** PROBLEM TO SOLVE **
Copy the complete listing word for word, but do not carry over any images.

** GIVEN ENTRIES **
'''

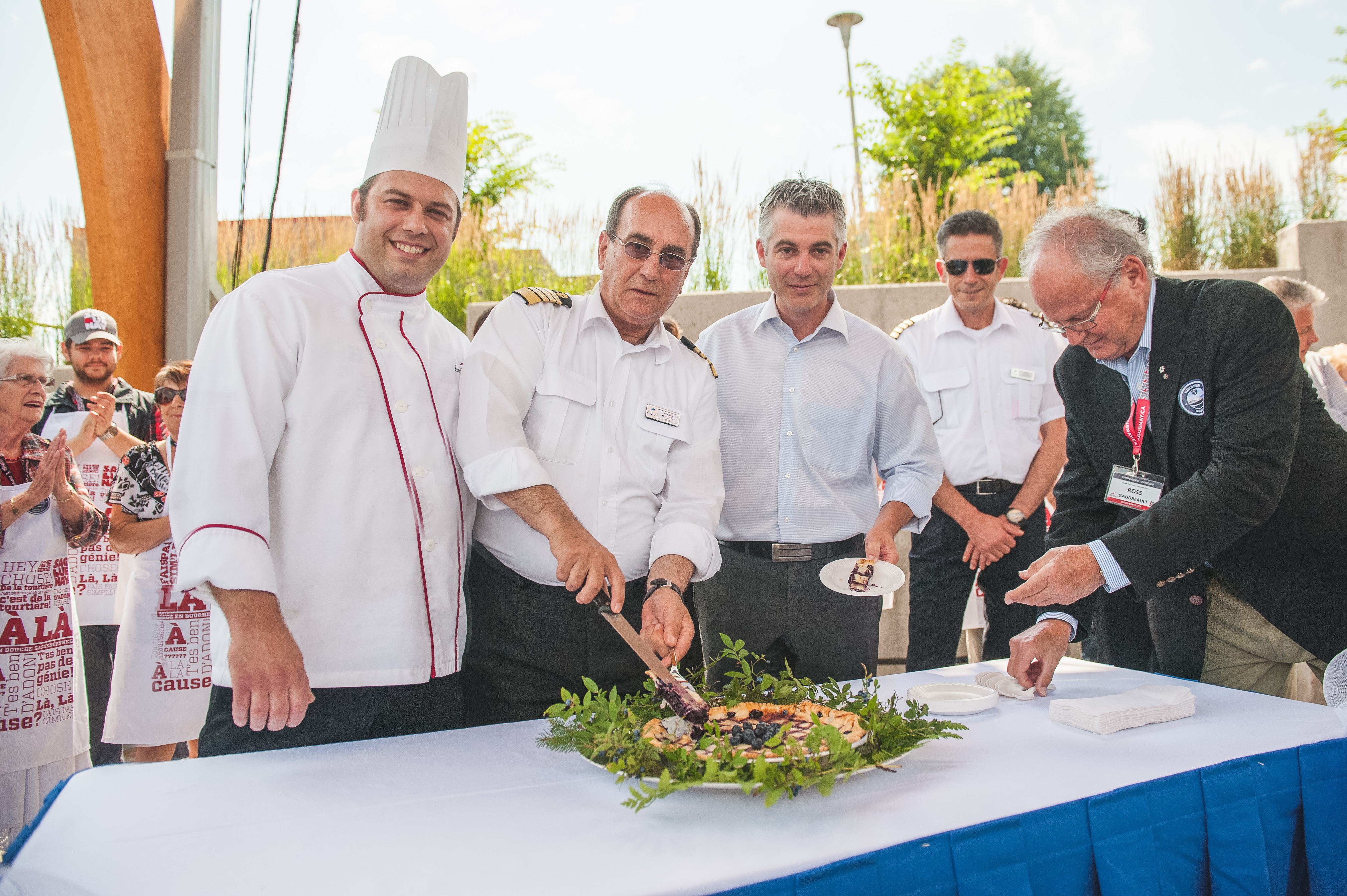 The cruise ship Marco Polo, formerly named Aleksandr Pushkin, owned by Cruise & Maritime Voyages, docked in Saguenay on Saturday, August 15, 2015. The Saguenay port of call offered an extra special reception to celebrate the ship's 50th anniversary. Local residents and visitors alike showed their support with a warm welcome for the captain and dignitaries. Fifty blueberry pies were offered and beautifully presented by fifty individuals proudly dressed in Saguenay's colors. Attendees had the opportunity to have their picture taken in front of Saguenay's sculpted letters by a professional photographer. The Marco Polo, carrying 848 passengers, mostly from Britain, and the 356 crew members, will dock once again in Saguenay on September 26, 2015.
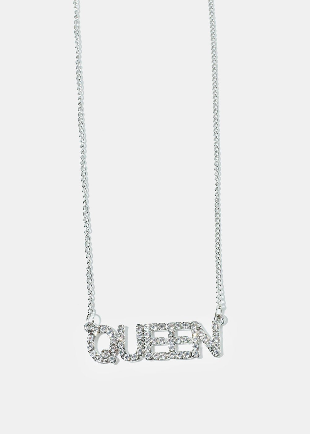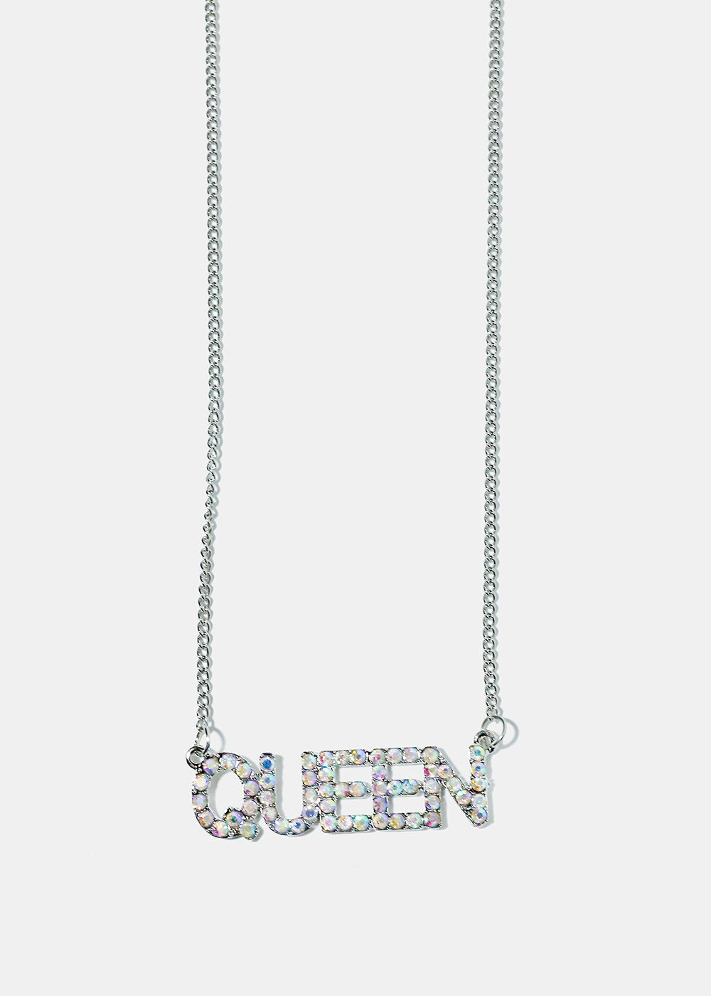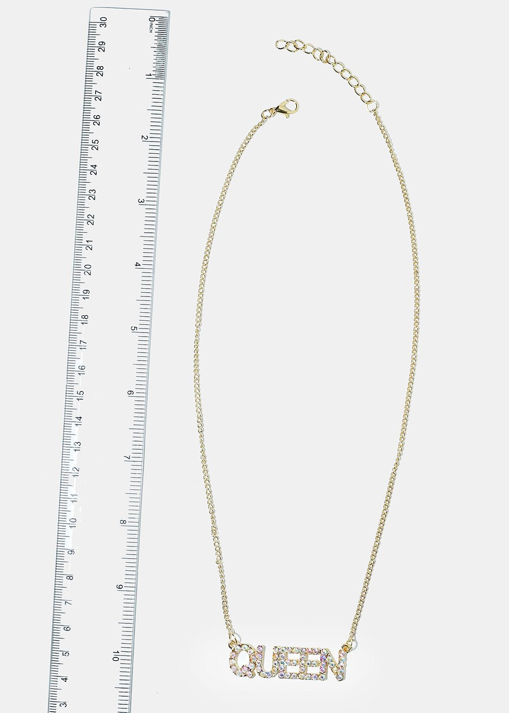 Show off the queen you are with this "QUEEN" pendant necklace covered in beautiful gleaming rhinestones! Perfect for a girls night out! A must-have in your collection!
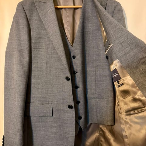 Myydään hyväkuntoinen musta Dresmannin puku: takki koko 42 slim,housut koko 28/30. Rippijuhlissa ollut päällä. Hinta 50e.
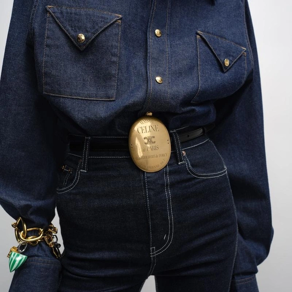 Не отстают и дизайнеры: в Celine, например, креативный директор дома Майкл Райдер взял ремни штурмом, украсив тонкие ремешки огромными золотистыми пряжками с названием бренда и адресом дома — получилось одновременно лаконично и очень выразительно.
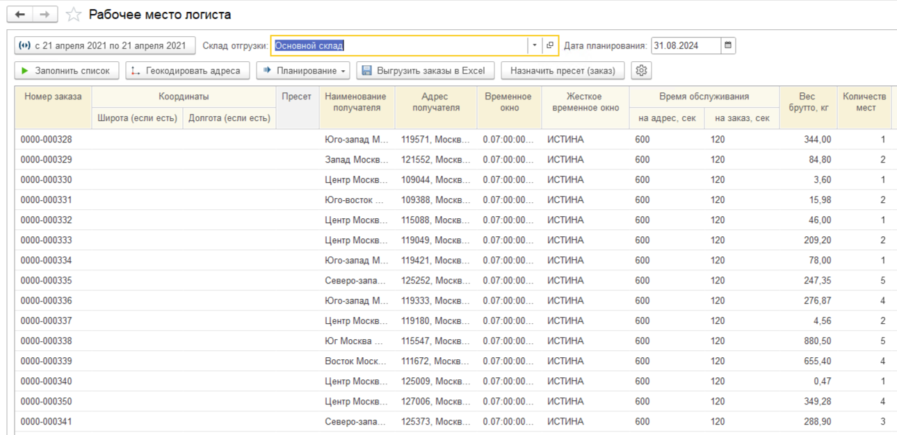 Координаты для заказов можно заполнить в списке вручную. Если нужно геокодировать адреса, нажмите кнопку Геокодировать. Для этого в настройках должен быть указан API-ключ сервиса Яндекс Геокодирование.
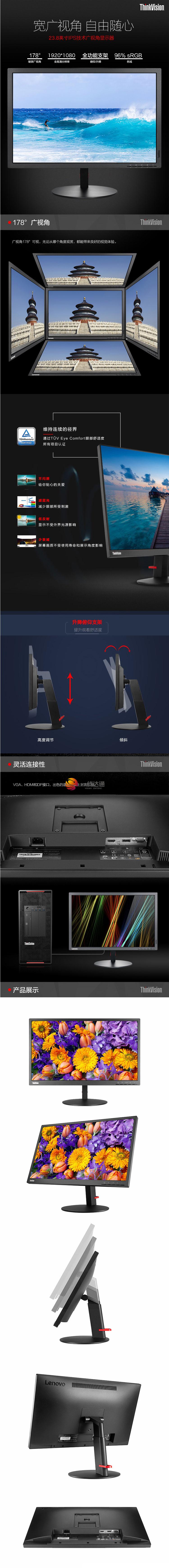 - 商品名稱:聯(lián)想(Lenovo)ThinkVision TE24-10 23.8英寸液晶顯示器 DP/HDMI/VGA接口 1920X1080分辨率 IPS面板 屏幕比例16:9 一年保修
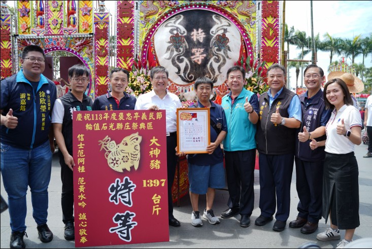 文化局表示,為了感念義民爺忠義精神,客家族群以自行飼養的豬羊來敬獻義民爺,更有祈求「風調雨順、國泰民安」的意義。此次特等獎神豬重1397台斤,飼主為范阿桂信士,特等神羊角長度3尺9分,飼主為張徐甜妹信士。
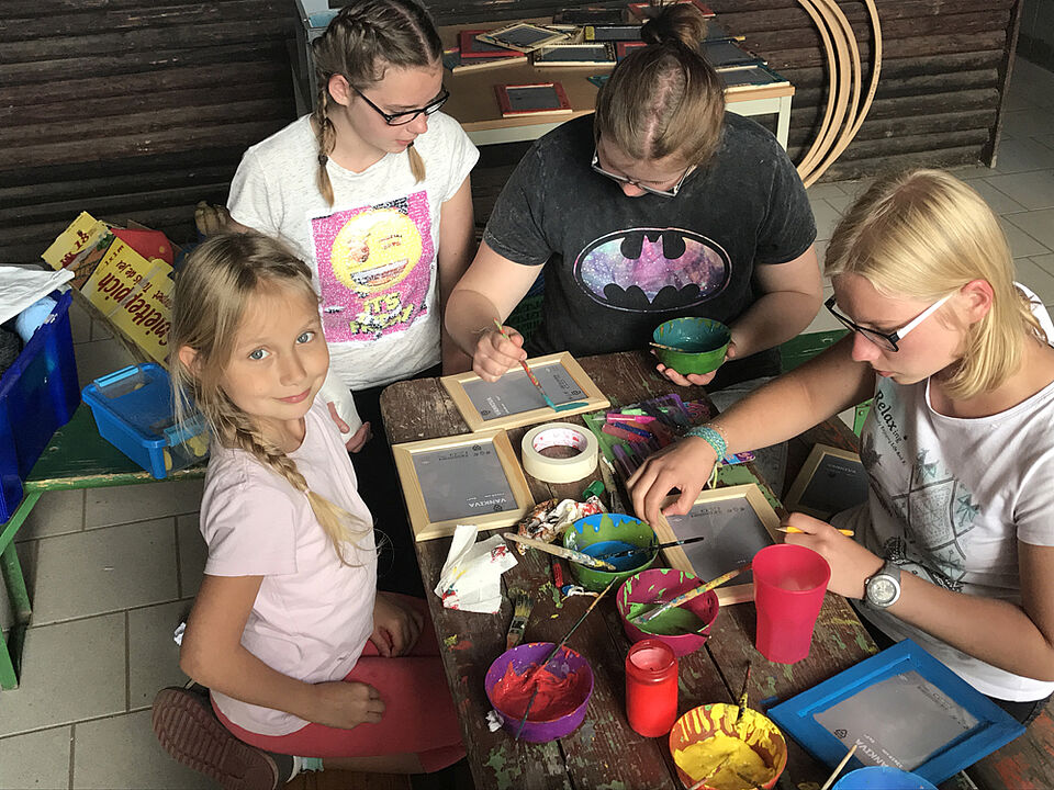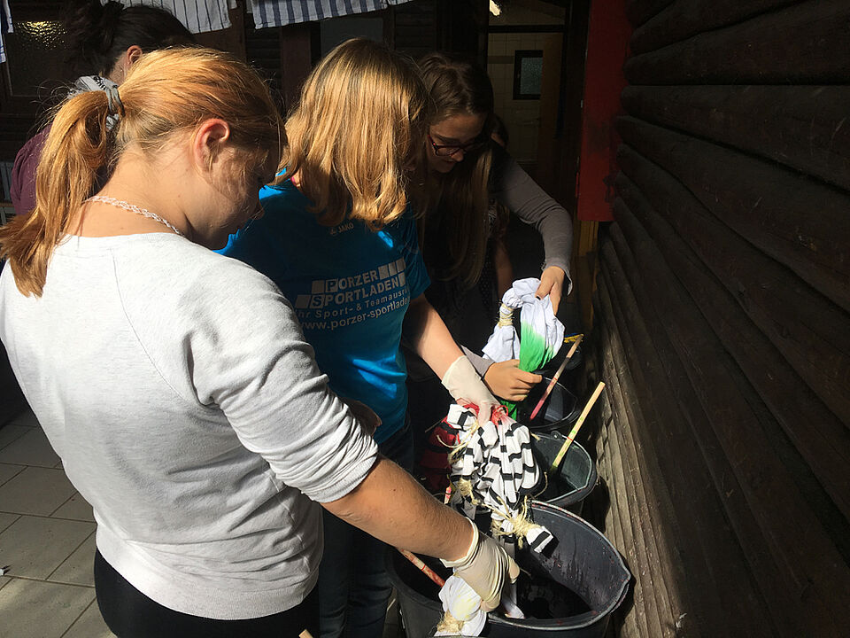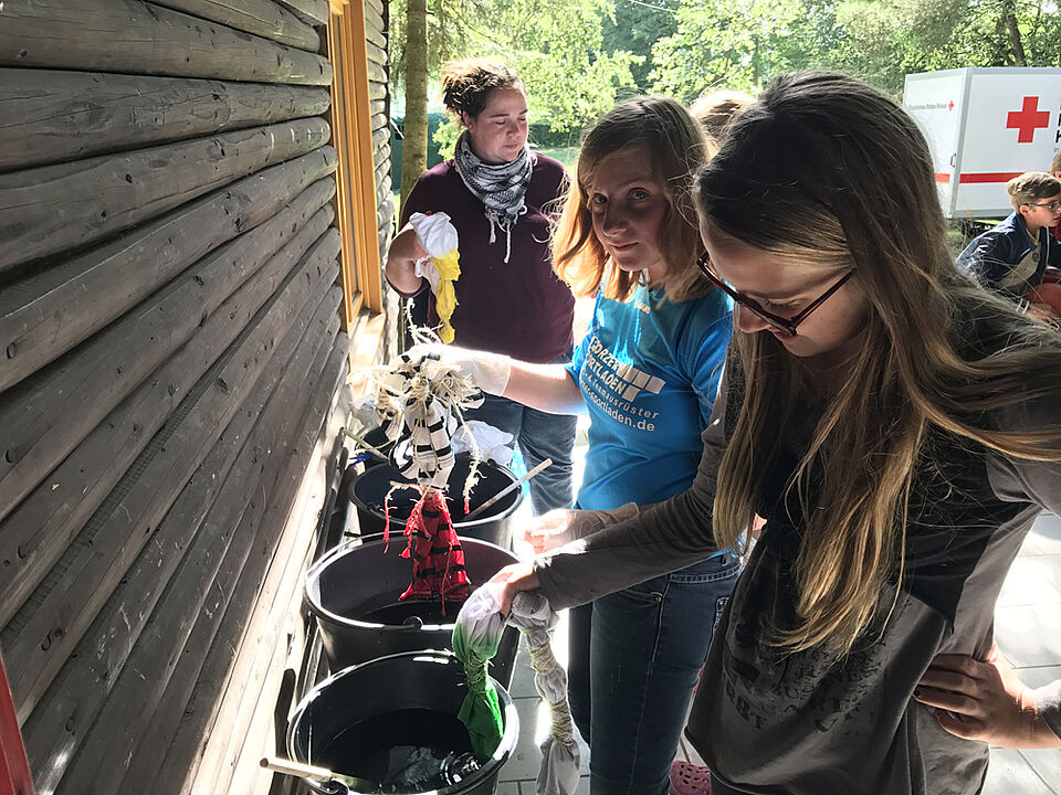 Am Freitag haben wir es uns in unserem Camp gemütlich gemacht und den Urlaub genossen. Als kurzes Programm haben wir unsere Bilderrahmen für das Gruppenbild gebastelt. Parallel haben wir T-Shirts und ganz viel andere Kleidungsstücke gebatikt - dabei sind echt richtig gute Ergebnisse zustande gekommen.

'''

** EXERCISE OUTPUT **
 The cruise ship Marco Polo, formerly named Aleksandr Pushkin, owned by Cruise & Maritime Voyages, docked in Saguenay on Saturday, August 15, 2015. The Saguenay port of call offered an extra special reception to celebrate the ship's 50th anniversary. Local residents and visitors alike showed their support with a warm welcome for the captain and dignitaries. Fifty blueberry pies were offered and beautifully presented by fifty individuals proudly dressed in Saguenay's colors. Attendees had the opportunity to have their picture taken in front of Saguenay's sculpted letters by a professional photographer. The Marco Polo, carrying 848 passengers, mostly from Britain, and the 356 crew members, will dock once again in Saguenay on September 26, 2015.
 Show off the queen you are with this "QUEEN" pendant necklace covered in beautiful gleaming rhinestones! Perfect for a girls night out! A must-have in your collection!
 Myydään hyväkuntoinen musta Dresmannin puku: takki koko 42 slim,housut koko 28/30. Rippijuhlissa ollut päällä. Hinta 50e.
 Не отстают и дизайнеры: в Celine, например, креативный директор дома Майкл Райдер взял ремни штурмом, украсив тонкие ремешки огромными золотистыми пряжками с названием бренда и адресом дома — получилось одновременно лаконично и очень выразительно.
 Координаты для заказов можно заполнить в списке вручную. Если нужно геокодировать адреса, нажмите кнопку Геокодировать. Для этого в настройках должен быть указан API-ключ сервиса Яндекс Геокодирование.
 - 商品名稱:聯(lián)想(Lenovo)ThinkVision TE24-10 23.8英寸液晶顯示器 DP/HDMI/VGA接口 1920X1080分辨率 IPS面板 屏幕比例16:9 一年保修
 文化局表示,為了感念義民爺忠義精神,客家族群以自行飼養的豬羊來敬獻義民爺,更有祈求「風調雨順、國泰民安」的意義。此次特等獎神豬重1397台斤,飼主為范阿桂信士,特等神羊角長度3尺9分,飼主為張徐甜妹信士。
 Am Freitag haben wir es uns in unserem Camp gemütlich gemacht und den Urlaub genossen. Als kurzes Programm haben wir unsere Bilderrahmen für das Gruppenbild gebastelt. Parallel haben wir T-Shirts und ganz viel andere Kleidungsstücke gebatikt - dabei sind echt richtig gute Ergebnisse zustande gekommen.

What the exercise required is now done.